For development builds:

# The build logs the exact Git commit:
./build-from-branch.sh -b TIKA-4578

# Look for output showing the Git commit SHA and message

Benefits

  • Security: Verify that binaries match the audited source code
  • Trust: Anyone can independently verify the build process
  • Compliance: Meets security audit requirements for critical deployments
  • Debugging: Trace issues back to exact source code version

For more information on reproducible builds, visit reproducible-builds.org.

Contributors

There have been a range of contributors on GitHub and via suggestions, including:

License

Licensed under the Apache License, Version 2.0 (the “License”); you may not use this file except in compliance with the License. You may obtain a copy of the License at

   http://www.apache.org/licenses/LICENSE-2.0

Unless required by applicable law or agreed to in writing, software distributed under the License is distributed on an “AS IS” BASIS, WITHOUT WARRANTIES OR CONDITIONS OF ANY KIND, either express or implied. See the License for the specific language governing permissions and limitations under the License.

Release Process and GPG Verification

Official Release Images

Official release images are built using GPG-signed Apache release artifacts. The Dockerfiles in this repository:

  1. Download the tika-grpc-${VERSION}.jar from Apache distribution mirrors
  2. Download the corresponding .asc GPG signature file
  3. Import the Apache Tika KEYS file
  4. Verify the GPG signature before using the JAR in the Docker image

This ensures that the Docker images contain only verified, officially released Apache Tika artifacts.
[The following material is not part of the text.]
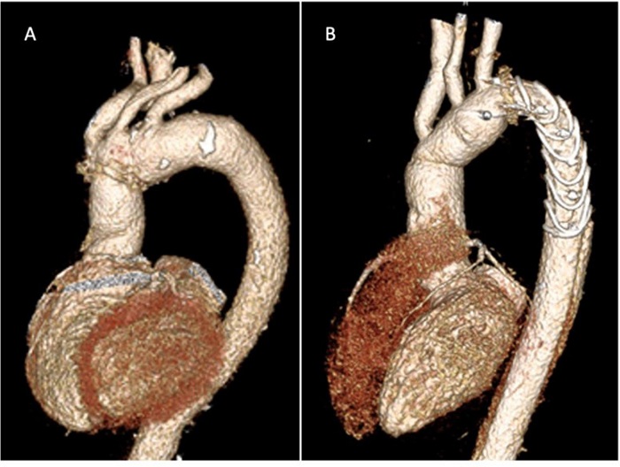 During the period from 2000 to 2010, the FET technique was performed using the custom-made Chavan-Haverich prosthesis followed by the prefabricated Chavan-Haverich hybrid graft (Curative GmbH, Dresden, Germany). The use of the Jotec E-vita® hybrid graft was established after it became available. Until 2010, the island technique was performed to reattach the supra-aortic vessels. In cooperation with Vascutek Terumo (Terumo®, Glasgow, United Kingdom), we developed the four-branched FET which was frequently used since 2010. For a total or hemiarch replacement, we changed our strategy from a straight graft with island technique to the branched Sienna™ graft (Terumo®, Glasgow, United Kingdom) in 2008. Due to the extensive use of branched aortic arch, prosthesis resulted in major technical changes. As a consequence of these changes, the arch replacement was performed after completing the cardiac and distal aortic repair. Head vessels were anastomosed to the corresponding side branches of the graft at the end of the procedure. In all cases, either a proximal, subtotal (involving replacement of the brachiocephalic trunk), or total arch replacement with ET or FET, HCA (temperatures between 22°C and 26°C), and bilateral selective antegrade cerebral perfusion (SACP) were performed. In 2010, we started the beating heart technique for cardioprotection during total arch repair. An isolated replacement of the proximal aortic arch was performed using a straight Dacron® graft or a Gelweave™ Ante-Flo beginning in 2010. CT imaging of the proximal arch and the four-branched FET is shown in Figure 1.

Development/Testing Images

The build-from-branch.sh script allows building Docker images from source code for testing purposes. These builds:

  • Compile from Git source code
  • Do NOT use GPG-signed releases
  • Are intended for development and testing only
  • Should NOT be used in production

For production use, always build from official Apache releases using the standard Dockerfiles and docker-tool.sh.

Disclaimer

It is worth noting that whilst these Docker images download the binary JARs published by the Apache Tika Team on the Apache Software Foundation distribution sites, only the source release of an Apache Software Foundation project is an official release artefact. See Release Distribution Policy for more details.